# Why vanilla??



## baggy (Jun 19, 2004)

I saw in a post where someone suggested to use vanilla... I assume for introducing a new cat. I need to introduce my 6 week old female kitten to my two 5 year old males. How do I use the vanilla and what exactly does it do?


----------



## CyberPet (May 12, 2004)

If I haven't missunderstood you put some vanilla on the coat of the cat (back on the neck or something) and since it smells nice and taste nice the other kitty will come and smell and lick the cat. Sort of a treat on a cat.


----------



## Mike (Jan 27, 2004)

CyberPet is on the right track. Put a drop of vanilla extract on the base of your kittys' neck, between the shoulder blades. It gives them the same scent and they don't get all hissy with one another because of different scents.

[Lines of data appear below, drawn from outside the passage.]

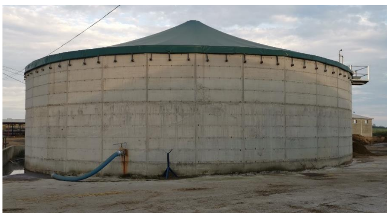
Slika 3. Nadzemni dio lagune na gospodarstvu Grube d.o.o.

Gospodarstvo Grube d.o.o. osnovano je 2001. godine u mjestu Potnjani koje se nalazi u blizini grada Đakova (Slika 4.). Gospodarstvo je osnovao gospodin Branko Kolak, koji uz sebe ima još zaposlenih 14 radnika. Od 14 radnika koje firma broji, 2 radnika su sa VSS, a ostalih 12 su sa SSS, vidljivo u tablici 1. Gospodarstvo Grube d.o.o. raspolaže sa 347 ha zemljišne klase oranica na kojima se uzgajaju razne poljoprivredne kulture i to većinom one koje su potrebne za prehranu stoke u farmi, vidljivo u tablici 2. Mehanizacijom kojom raspolaže gospodarstvo je u zadnjih 3 godine uveliko obnovljena, ponajprije zahvaljujući europskim fondovima i uz nešto investiranja vlastitog novca, vidljivo u tablici 3. Poljoprivredno gospodarstvo posjeduje 250 muznih krava, 120 junica, 350 bikova i oko 100 teladi, a nalazi se na istoj površini gdje i samo sjedište gospodarstva.
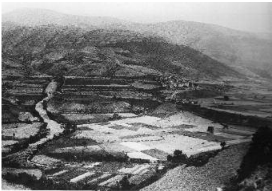
Paisatge agrari de l'Urgellet al Pla de Sant Tirs a final del segle XIX. Autor Lluís Marià Vidal. Fons Arxiu fotogràfic del Centre Excursionista de Catalunya.
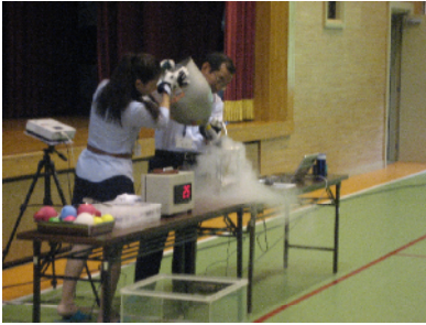
学校へのお出前授業
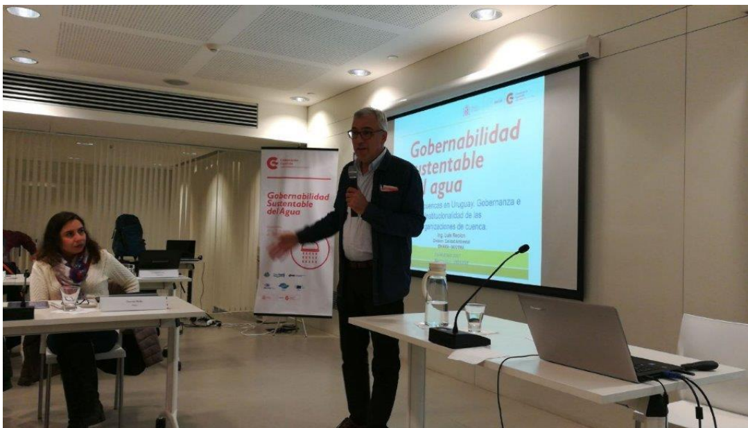
Luis Reolón, Dirección Nacional de Aguas de Uruguay

Nothing worse than hissy kittys... :wink:

Peace,
Mike


----------



## baggy (Jun 19, 2004)

Thanks....I am eager to try this!


----------



## Padunk (Oct 20, 2003)

It works very well.

Good luck with it. :wink:


----------



## ospunkyo (Sep 3, 2003)

I'm curious...at what point in the introductions should you do the vanilla thing?

I'm asssuming that the vanilla scent, while strong, doesn't mask each cat's scent, just adds a common element. So, do you do it immediately upon bringing the new cat home - or wait until everyone has smelled everyone's unique scent for a day or so, and then apply it?


----------



## CatAholic (May 19, 2004)

Thanks for asking about the vanilla, I've been meaning to!! Boy thats great to know for future adoptees!! That hissing things gets me nervous, I might dab a little on my self in unsettling times :wink:


----------



## aaron (May 29, 2004)

Would this be good for after a vet visit? My cats hiss for days after one of them goes to the vet. I've also heard using a wash cloth to transfer scent was good, but I don't know if it's to be wet or not.

Aaron


----------



## Kittys Mom (May 7, 2004)

The purpose of putting vanilla on your cats is to make them smell like each other, the other cat will smell familiar. Rubbing something on one cat then on the other has the same effect.

This does help on the return from the vet, since the reason the cat that stayed at home is upset is the vet visiting cat smells weird.


----------



## baggy (Jun 19, 2004)

Well, I've tried this and so far it's not working......but I'm going to keep doing it......hopefully it's just a matter of time.


----------



## Kittys Mom (May 7, 2004)

Vanilla didn't seem to make a difference when I introduced my two either. It's just yet another introduction technique. I assume you are trying other methods. Keeping them separated, letting them smell each other through a door. Feeding them at the same time on opposite sides of the door. Paying attention to your resident cats only when the new cat is present, etc.


----------



## baggy (Jun 19, 2004)

Yes, we have been trying different things and yes they are seperate. We pay attention to our resident cats all the time...it's hard not to. One of our guys is doing very well with the newcomer. The other one just hides when she comes out. If she is brought near him he hisses and runs. This is much better behavior than when she first came to be with us. I think he's just going to take more time to adjust than our other guy. He's really very loving and I also have noticed that he is not very friendly with strangers but warms up slowly. 

I probably should post this as a new topic.  

Thanks for all the advice.


----------